*WORK TASK*.
Collect all lines containing the word "Flood" from the data.

*RECORDS FOR THE TASK*.
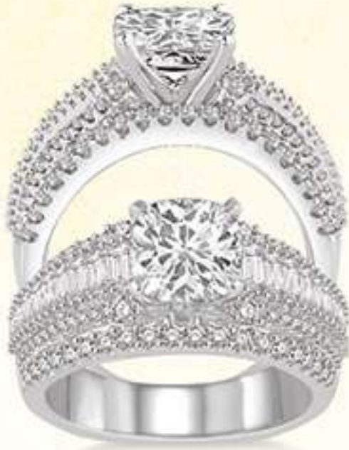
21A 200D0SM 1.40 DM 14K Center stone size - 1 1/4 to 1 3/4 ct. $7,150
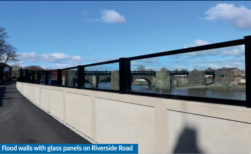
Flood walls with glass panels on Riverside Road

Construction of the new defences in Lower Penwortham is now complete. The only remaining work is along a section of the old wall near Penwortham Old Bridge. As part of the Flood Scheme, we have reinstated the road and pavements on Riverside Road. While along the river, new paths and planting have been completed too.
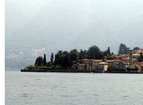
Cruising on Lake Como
...
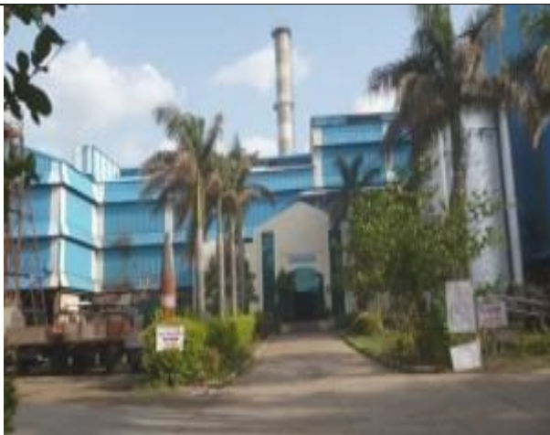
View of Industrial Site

*SOLUTION FOR THIS PROBLEM*.
Flood walls with glass panels on Riverside Road
Construction of the new defences in Lower Penwortham is now complete. The only remaining work is along a section of the old wall near Penwortham Old Bridge. As part of the Flood Scheme, we have reinstated the road and pavements on Riverside Road. While along the river, new paths and planting have been completed too.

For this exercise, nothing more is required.